### Provided data
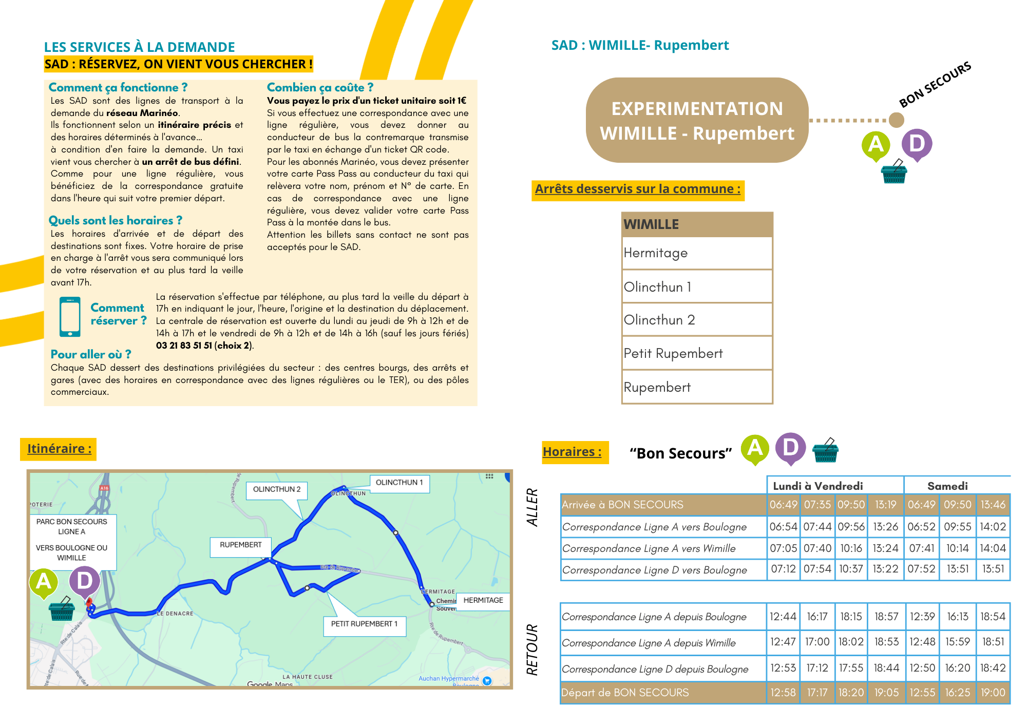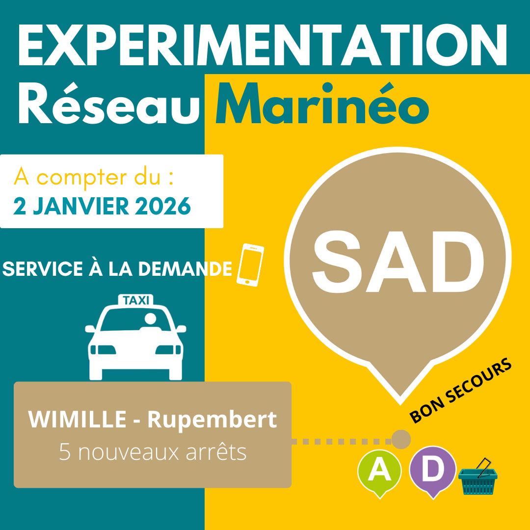Expérimentation SAD Wimille-Rupembert Janvier 2026 La Communauté d’Agglomération du Boulonnais et la Compagnie des Transports du Boulonnais vous informent d’une expérimentation du réseau Marinéo, à compter du 2 janvier 2026. Une ligne SAD (Service A la Demande) est créée pour desservir le hameau de Rupembert à Wimille. L’objectif étant de desservir ses habitants pour les emmener vers différentes destinations : Pour aller à l’école Pour aller travailler Pour aller faire ses courses Ou tout simplement se balader … 😊 Ce sont 5 nouveaux arrêts qui sont ainsi implantés dans ce hameau : « Hermitage », « Olincthun 1 », « Olincthun 2 », « Petit Rupembert » et « Rupembert » Cette ligne reliera l’arrêt « Bon secours » du réseau Marinéo où les habitants pourront prendre une correspondance avec les lignes A et D du réseau. Comment ça fonctionne ?
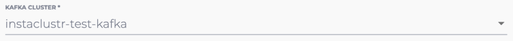 - The first dropdown box will display all Kafka clusters created and running in your Instaclustr account. Select the cluster you wish to integrate with.
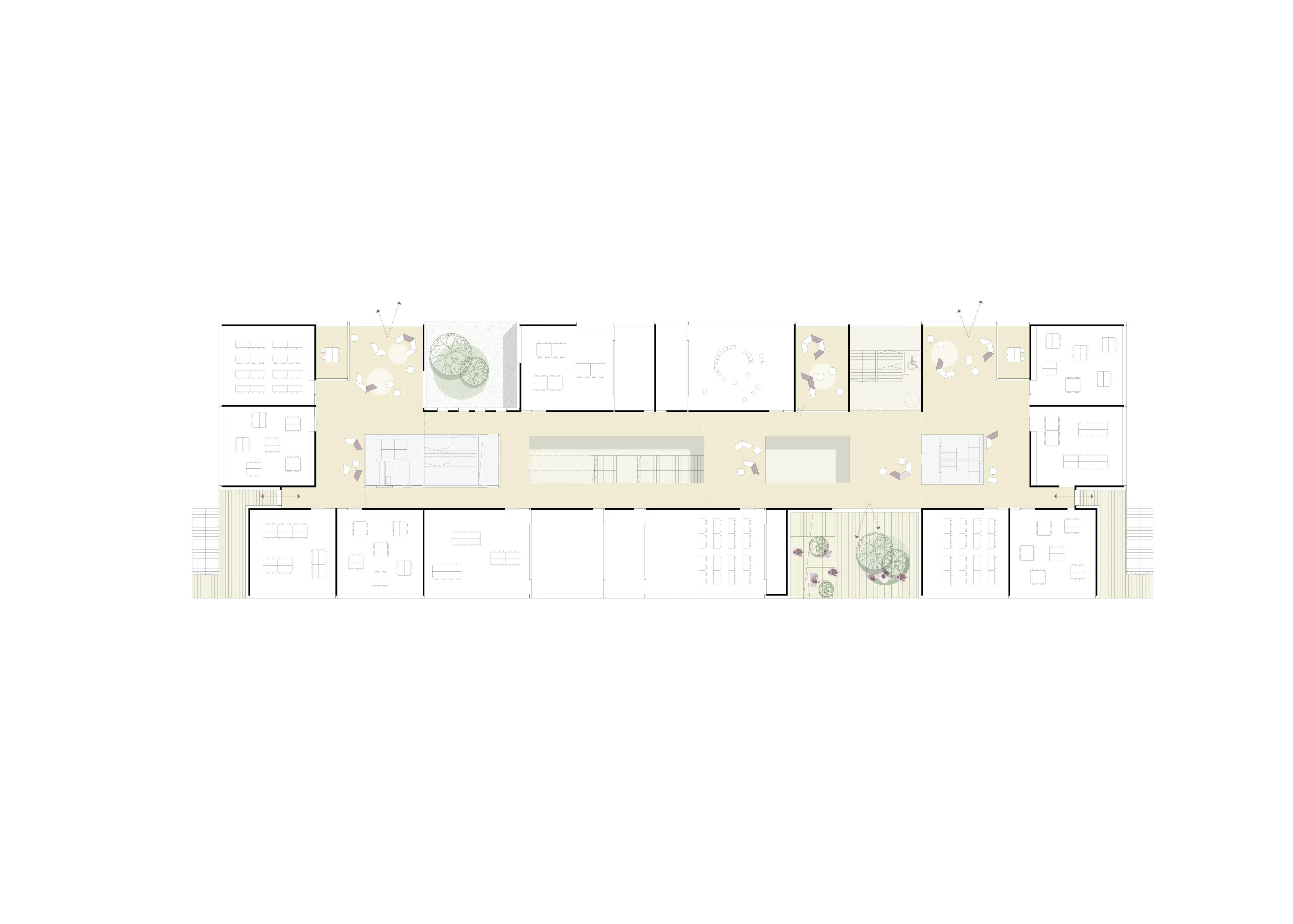 Treppen und offene Cluster steigen wie eine Kaskade nach oben und verbinden Innenräume mit grünen Außenbereichen. Der Dachbereich wird zum Sport- und Bewegungsraum, die vertikale Erschließung verwandelt das Gebäude selbst in einen lebendigen Schulhof.
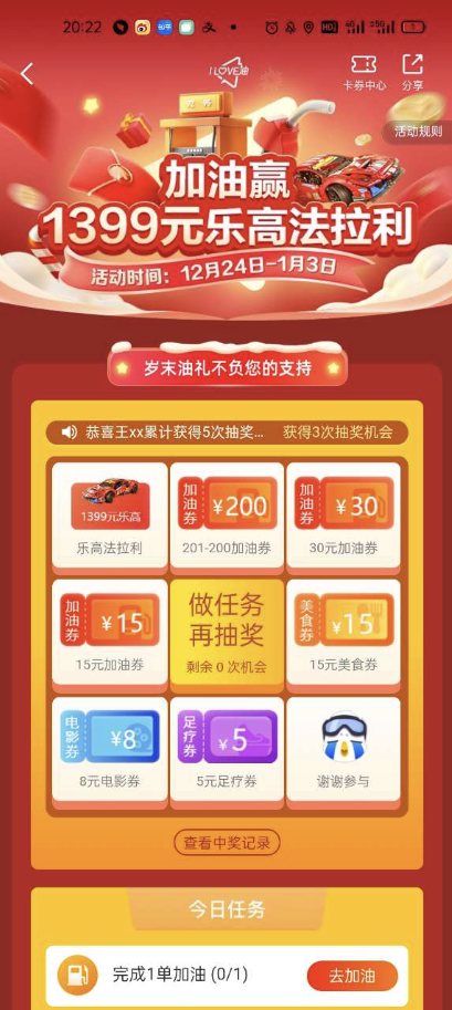 此外,“歲末油禮 ·油衷感謝”活動(dòng)期間,用戶(hù)在體驗(yàn)高德加油不下車(chē)服務(wù)便利的同時(shí),還可以參加樂(lè)高玩具、201 -200免減等新年禮物的抽獎(jiǎng),大獎(jiǎng)天天有。
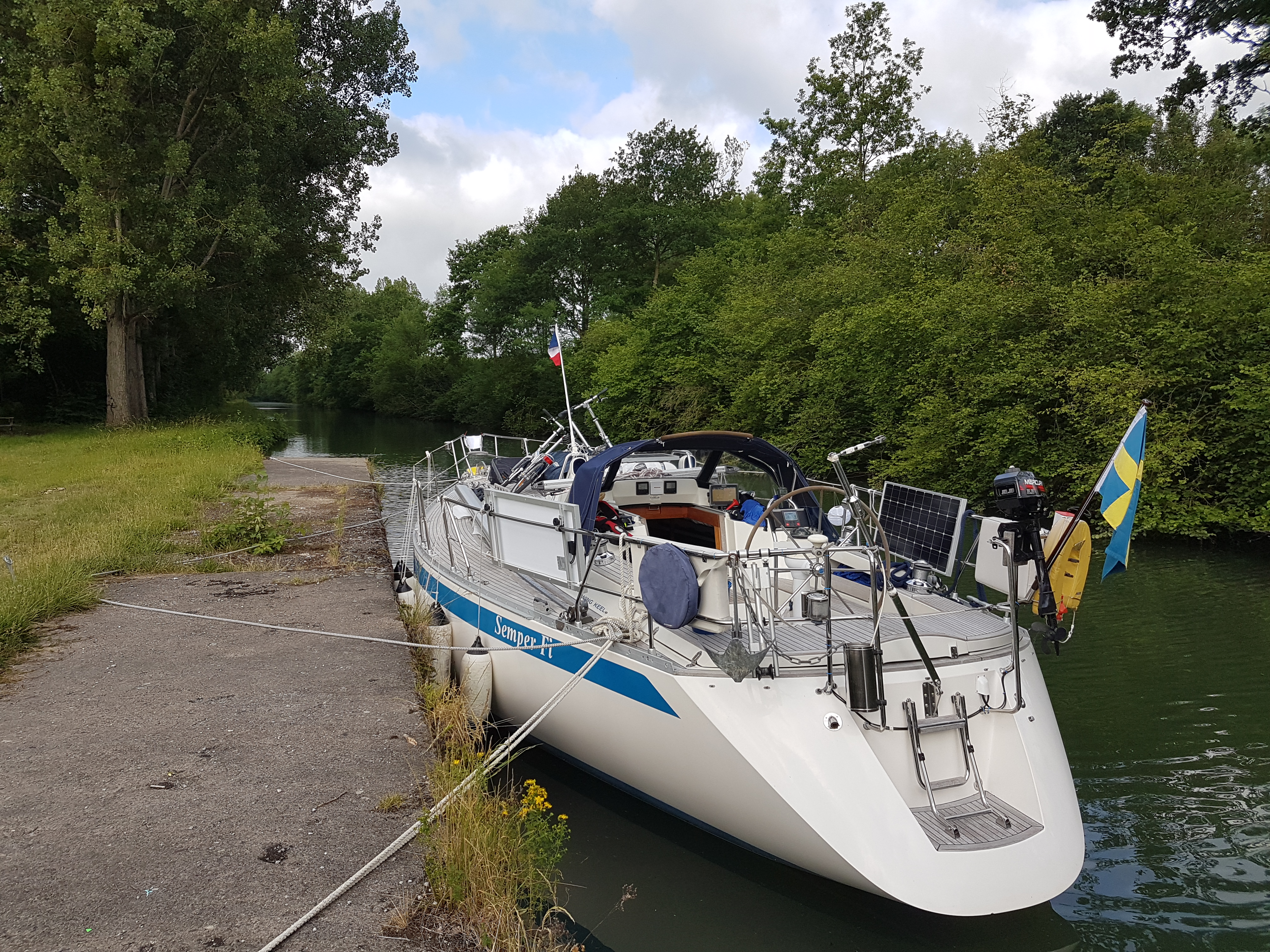 20170505_184716-2När vi sjösatte trodde vi att vi nästan var klara. Det var vi inte… På listan var då, förutom det man alltid måste göra efter sjösättning, nytt kutterstag med rullsystem, montera 2x100W solpaneler, installera AIS, byta ankare och ankarkätting, byta toapump, montera nytt gasolkök, bunkra mat, packa personliga tillhörigheter i huset så det kunde hyras ut, packa kläder och annat vi vill ha med oss i båten, fixa fenderplankor, städa hela båten innan allt packas in. Jag är lite tidsoptimist och underskattade tiden för en del arbete ganska rejält.

### What you need to do
Copy the material exactly as written and leave every picture behind.

### Exercise answer
Expérimentation SAD Wimille-Rupembert Janvier 2026 La Communauté d’Agglomération du Boulonnais et la Compagnie des Transports du Boulonnais vous informent d’une expérimentation du réseau Marinéo, à compter du 2 janvier 2026. Une ligne SAD (Service A la Demande) est créée pour desservir le hameau de Rupembert à Wimille. L’objectif étant de desservir ses habitants pour les emmener vers différentes destinations : Pour aller à l’école Pour aller travailler Pour aller faire ses courses Ou tout simplement se balader … 😊 Ce sont 5 nouveaux arrêts qui sont ainsi implantés dans ce hameau : « Hermitage », « Olincthun 1 », « Olincthun 2 », « Petit Rupembert » et « Rupembert » Cette ligne reliera l’arrêt « Bon secours » du réseau Marinéo où les habitants pourront prendre une correspondance avec les lignes A et D du réseau. Comment ça fonctionne ?
 - The first dropdown box will display all Kafka clusters created and running in your Instaclustr account. Select the cluster you wish to integrate with.
 Treppen und offene Cluster steigen wie eine Kaskade nach oben und verbinden Innenräume mit grünen Außenbereichen. Der Dachbereich wird zum Sport- und Bewegungsraum, die vertikale Erschließung verwandelt das Gebäude selbst in einen lebendigen Schulhof.
 此外,“歲末油禮 ·油衷感謝”活動(dòng)期間,用戶(hù)在體驗(yàn)高德加油不下車(chē)服務(wù)便利的同時(shí),還可以參加樂(lè)高玩具、201 -200免減等新年禮物的抽獎(jiǎng),大獎(jiǎng)天天有。
 20170505_184716-2När vi sjösatte trodde vi att vi nästan var klara. Det var vi inte… På listan var då, förutom det man alltid måste göra efter sjösättning, nytt kutterstag med rullsystem, montera 2x100W solpaneler, installera AIS, byta ankare och ankarkätting, byta toapump, montera nytt gasolkök, bunkra mat, packa personliga tillhörigheter i huset så det kunde hyras ut, packa kläder och annat vi vill ha med oss i båten, fixa fenderplankor, städa hela båten innan allt packas in. Jag är lite tidsoptimist och underskattade tiden för en del arbete ganska rejält.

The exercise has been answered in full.